Repeat only the lines below that run from the line with "而升星需要消耗同种类的玛卡,添加材料的时" to the line with "Celana Jeans Wanita", ends included; skip every picture.

Exercise input
=== Section Start ===

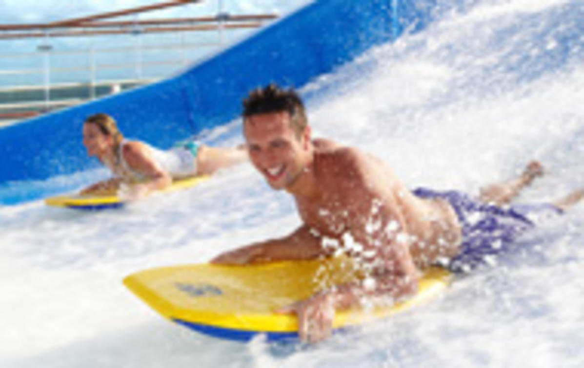 Salads, soups, sandwiches and burgers, plus desserts and soft-serve ice cream served near the FlowRider surf simulator.
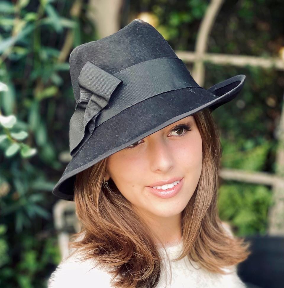 This jaunty black hat can be worn for casual and formal.occasions. Feminine black fedora with a unique shape. You can bend the brim up or down if you apply a little steam first. I made this one-of-a-kind hat in my millinery studio in the Hollywood Hills using the finest pure wool felt. It took me 3 days to steam, block, shape, size and trim. A similar one byPhilip Treacy costs several thousand dollars.
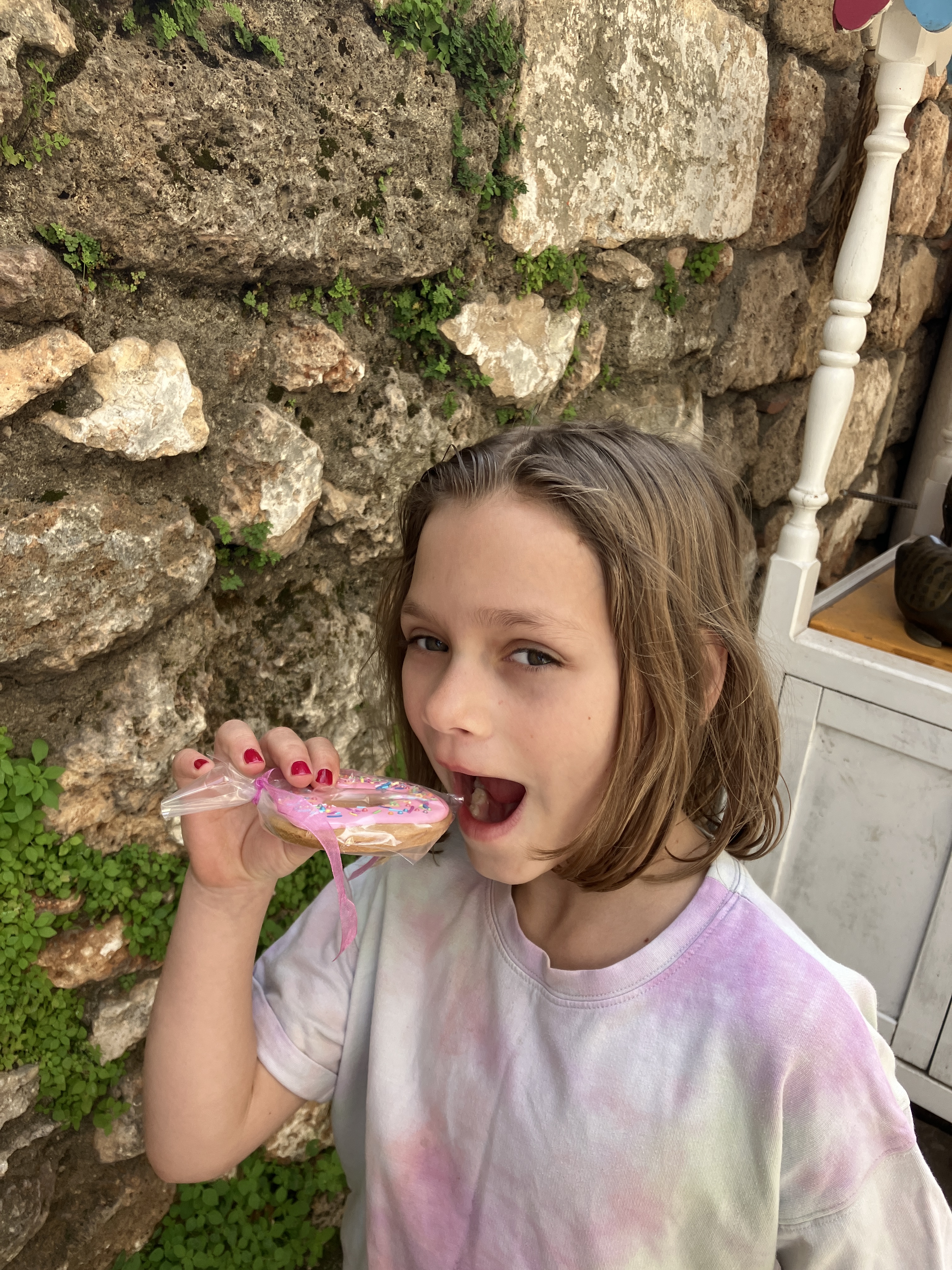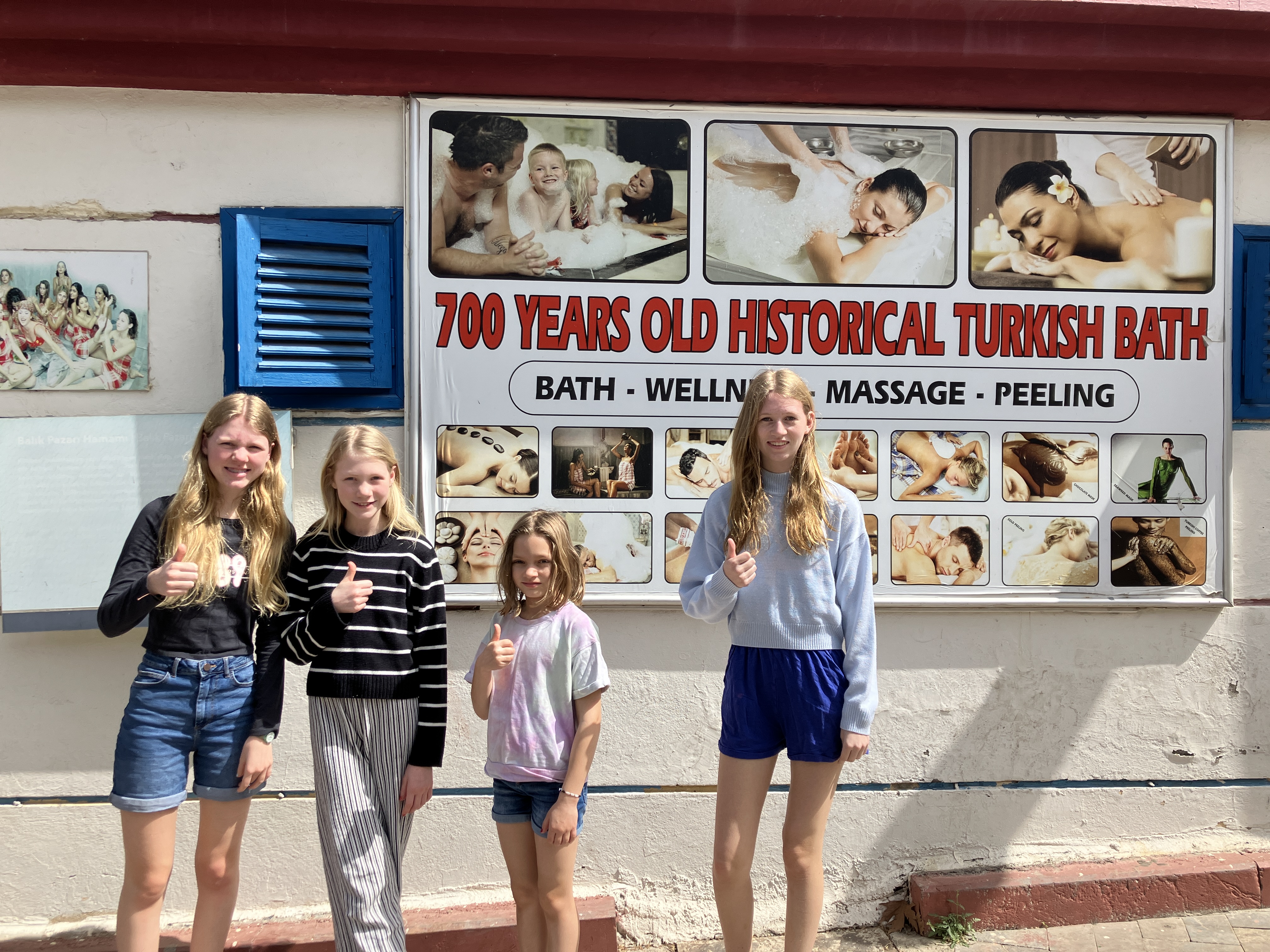 Something Steffen and I very much wanted to experience in Turkey was a traditional Turkish bath (Hammam) so we found this one in the old town. We went over to make an appointment, and they let us know that the kids could get massages as well. So we signed the whole family up! Steffen and I got the whole program– Turkish bath, foam massage and then a 1 hour medical and hot stone massage which was all fantastic and such a cool experience! The girls had mixed reactions to their massages. 🙂 But Steffen and loved it so much, we immediately made appointments for later in the week. The rest of the day we spent exploring town, enjoying their favorite cookies and having a delicious meal at Luna Garden, a place we loved so much we visited a few times during our stay.
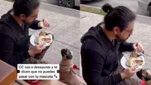 Fue así que su caso se hizo viral por medio de TikTok en donde colocaron como texto “CC va a desayunar y te dicen que no puedes pasar con tu mascota” así se puede ver a un chic sentado en los escalones de la puerta del restaurante comiendo su desayuno junto a su perrita.
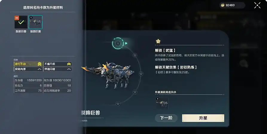 而升星需要消耗同种类的玛卡,添加材料的时候,可以查看作为材料的玛卡词条和属性等信息,橙色玛卡出生出生自带的词条几乎都是一样的,对橙色品质升星时就不用过分挑剔,蓝色紫色品质不同,升星之前还是要挑品质好一些的,这样后续可省不少的洗练材料,升星后就能查看对应效果。
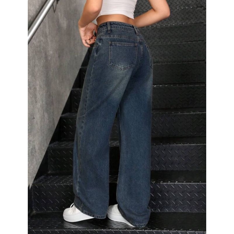 Celana Jeans Wanita High Waist Wide Leg Loose Fit Vintage Korea Streetwear Baggy Pants Kekinian
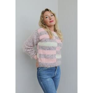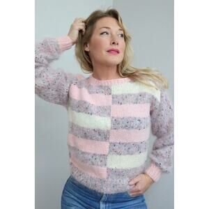 Fuzzy 1980's Slouch fit sweater in women's size xxs to xs. Ribbed knit cuffs and collar. Pretty shades of pastel pink, muted grays, white and multi colored flecks. Oversized, slouchy style fit. Fabric is an acrylic blend with fuzzy mohair on the fleck pattern stripes. In excellent vintage condition with no flaws to note.
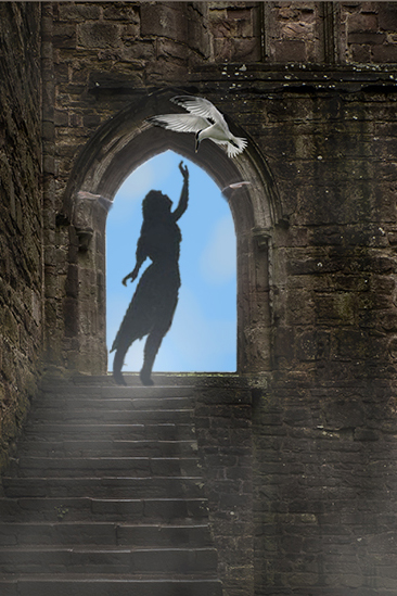 Steve's idea of walking toward the light really enhances the image, in my opinion. However, in Steve's rendition, there are two sources of light, as seen by the two shadows. Unfortunately, the upper left side light seems to be coming from a darker place, so some work would need to be done to make sure the light sources are correct. |
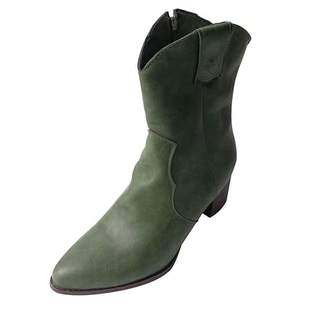 Yowablo Women's Ankle Boots Lace-Up Ankle Boots Knee Side Zip Naked Boots Square Heel Casual Short Booties
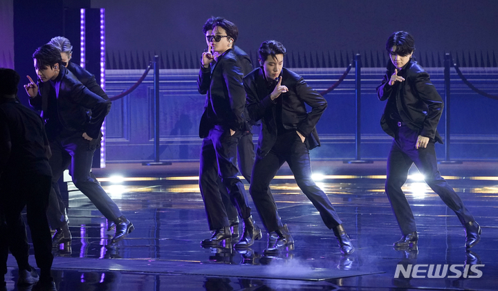 [라스베이거스=AP/뉴시스] 그룹 방탄소년단(BTS)이 3일(현지시간) 미 네바다주 라스베이거스의 MGM 그랜드 가든 아레나에서 열린 제64회 그래미 시상식에 참석해 '버터' 공연을 펼치고 있다. 2022.04.04.
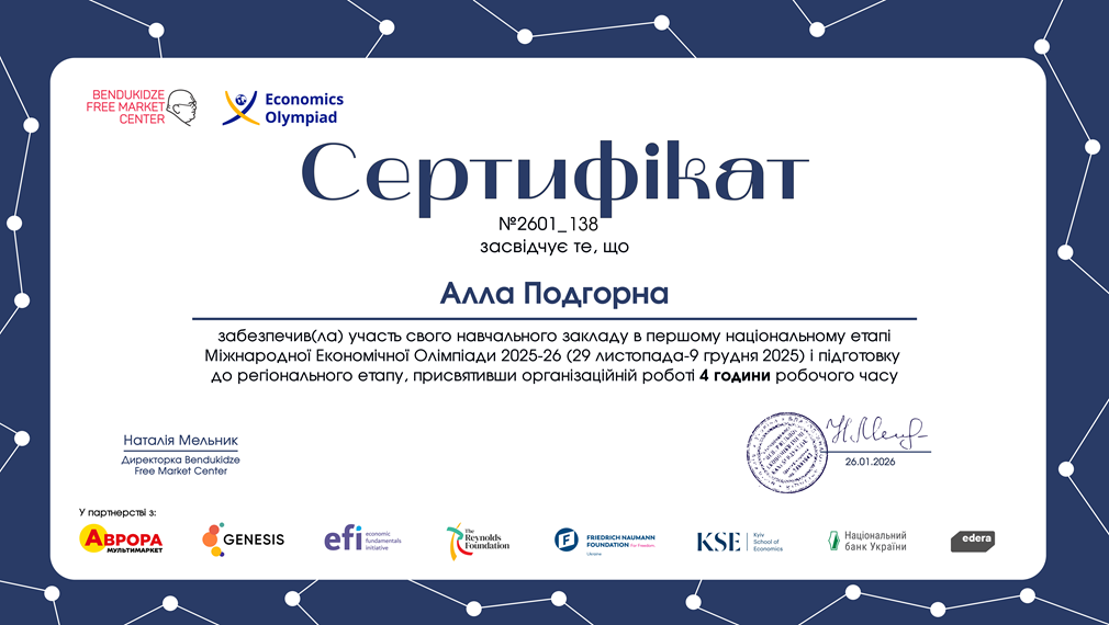 УЧАСТЬ У МІЖНАРОДНІЙ ЕКОНОМІЧНІЙ ОЛІМПІАДІ2025–2026
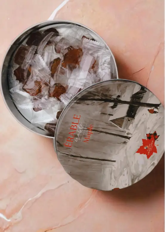Con su diseño único, esta caja redonda de metal con los colores de Canadá es mucho más que un simple contenedor: es una pieza de colección y un homenaje al patrimonio canadiense. Relleno de 30 caramelos de sirope de arce 100 % puro, garantiza un placer gustativo incomparable. Una idea de regalo que combina indulgencia y autenticidad, para una dulce experiencia que atraerá a grandes y pequeños.
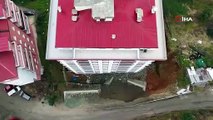 Trabzon'da istinat duvarı çöktü, 9 katlı bina zarar gördü
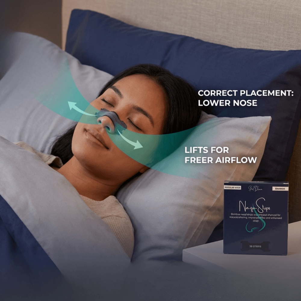 Positioning the strip lower on the nose allows it to work correctly by widening the nasal passages, ensuring maximum relief and comfortable breathing as you sleep.
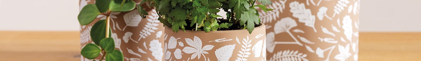 Pot en terre cuite pour plantes, avec motif de feuilles blanches.
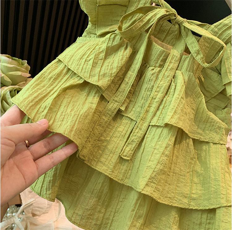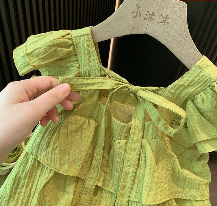 소녀 2024 여름 새로운 소 광장 칼라 러플 탑 자수 꽃 데님 반바지 투피스 세트
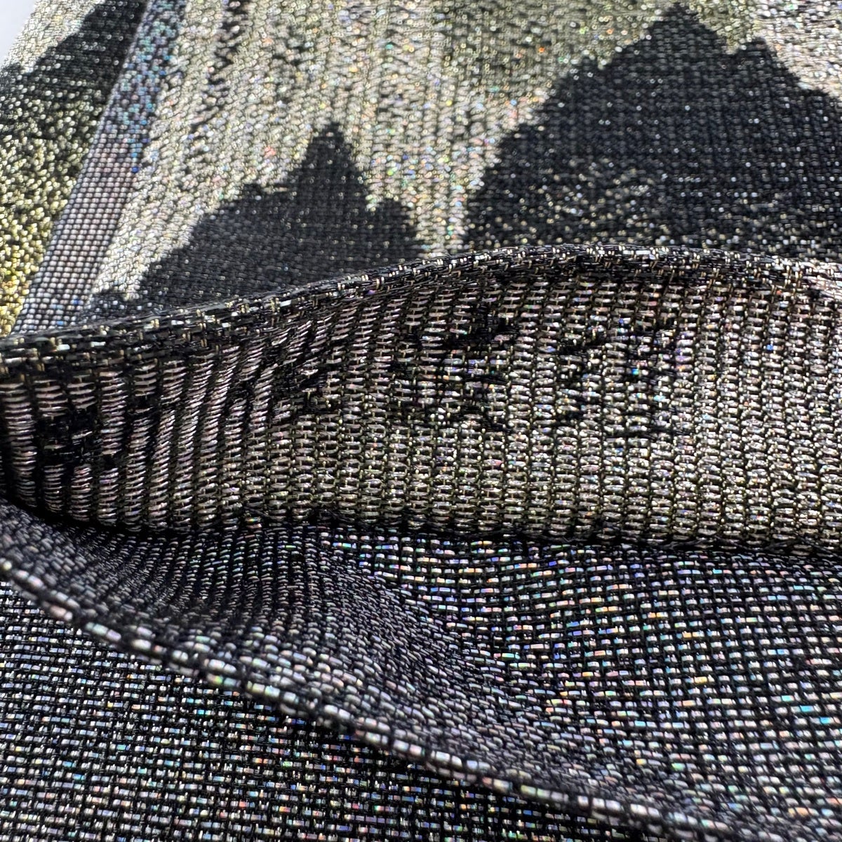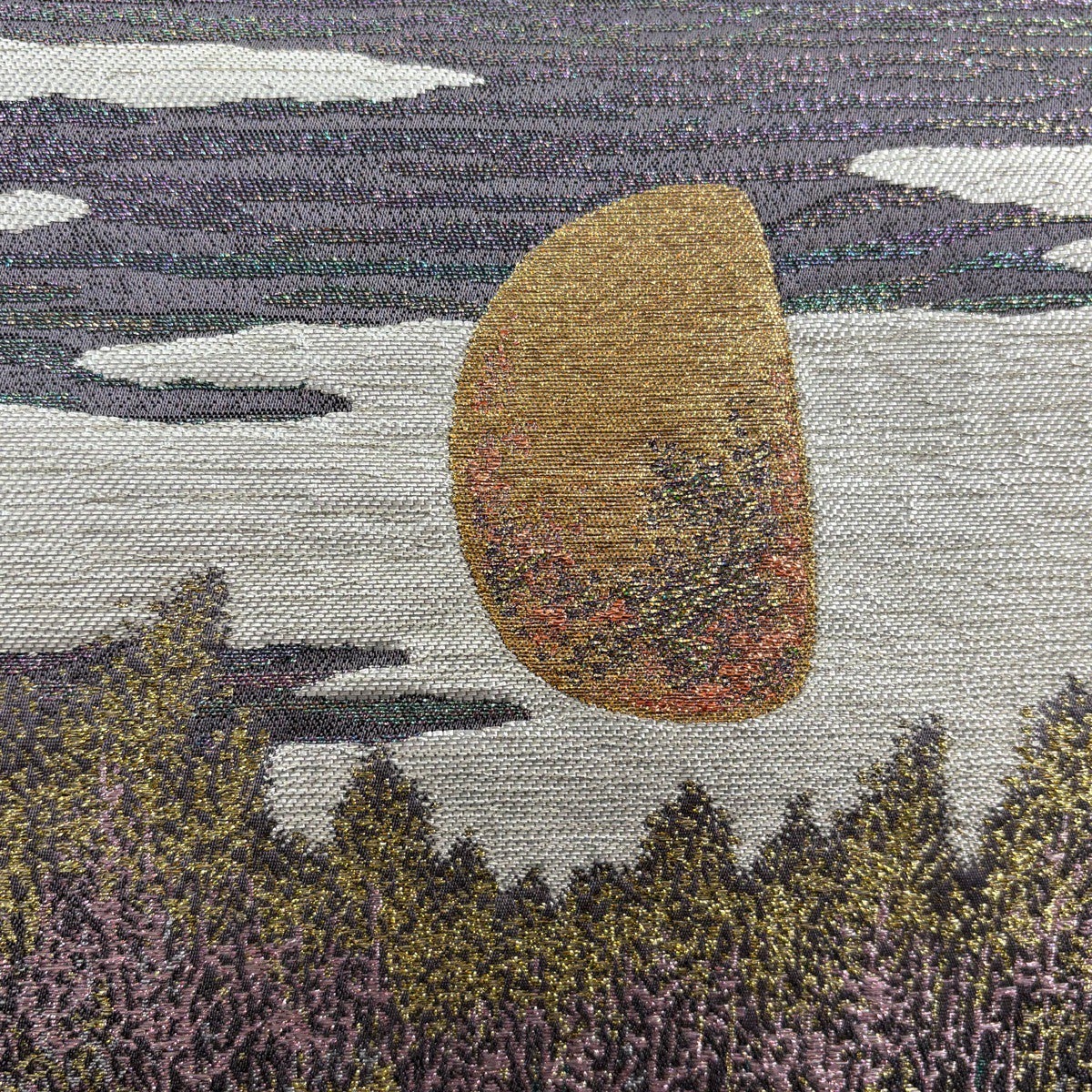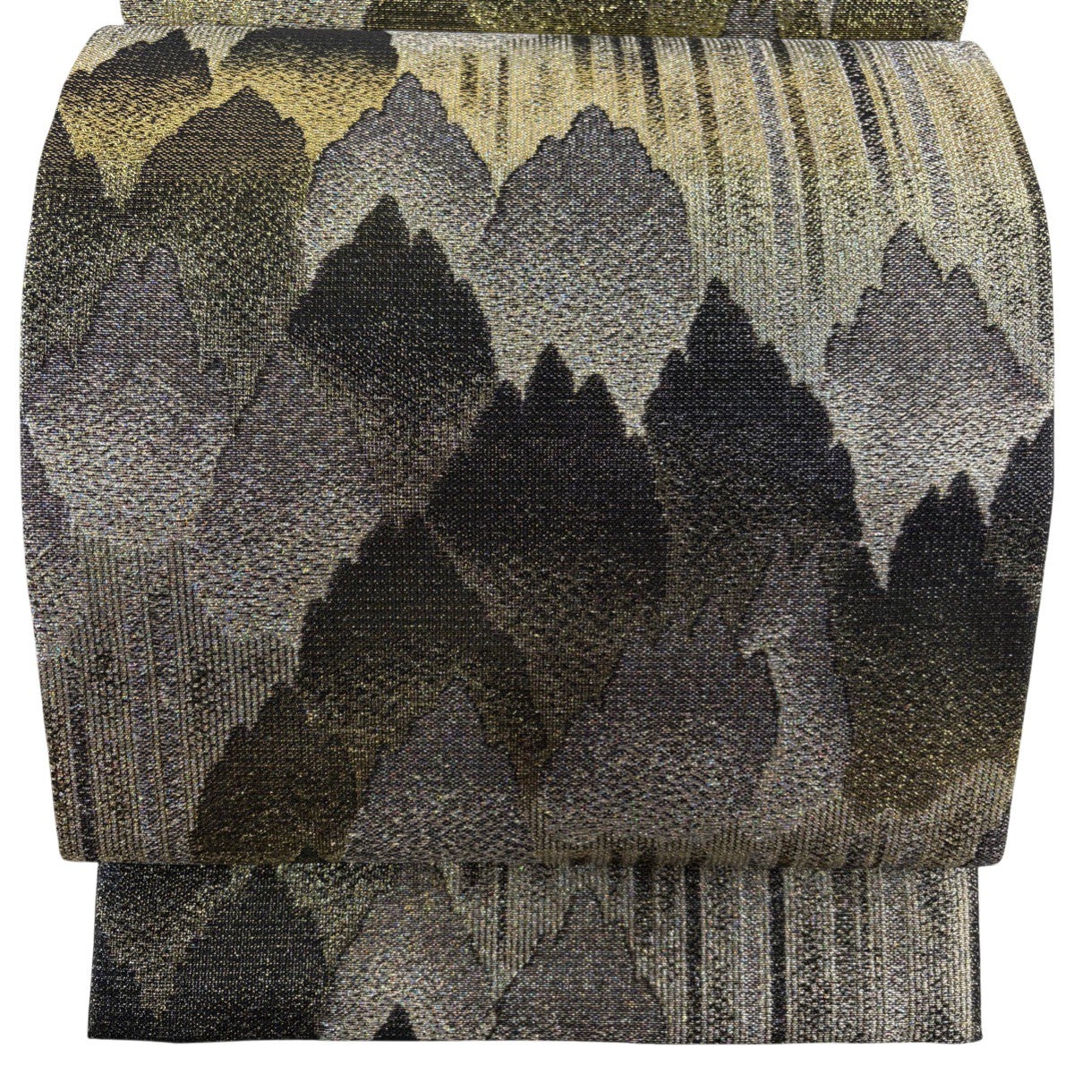 【美品】 袋帯 逸品 佐波理 落款あり 北山定 樹木 縞 箔 銀糸 黒 六通 正絹

=== Section End ===

Exercise answer
 而升星需要消耗同种类的玛卡,添加材料的时候,可以查看作为材料的玛卡词条和属性等信息,橙色玛卡出生出生自带的词条几乎都是一样的,对橙色品质升星时就不用过分挑剔,蓝色紫色品质不同,升星之前还是要挑品质好一些的,这样后续可省不少的洗练材料,升星后就能查看对应效果。
 Celana Jeans Wanita High Waist Wide Leg Loose Fit Vintage Korea Streetwear Baggy Pants Kekinian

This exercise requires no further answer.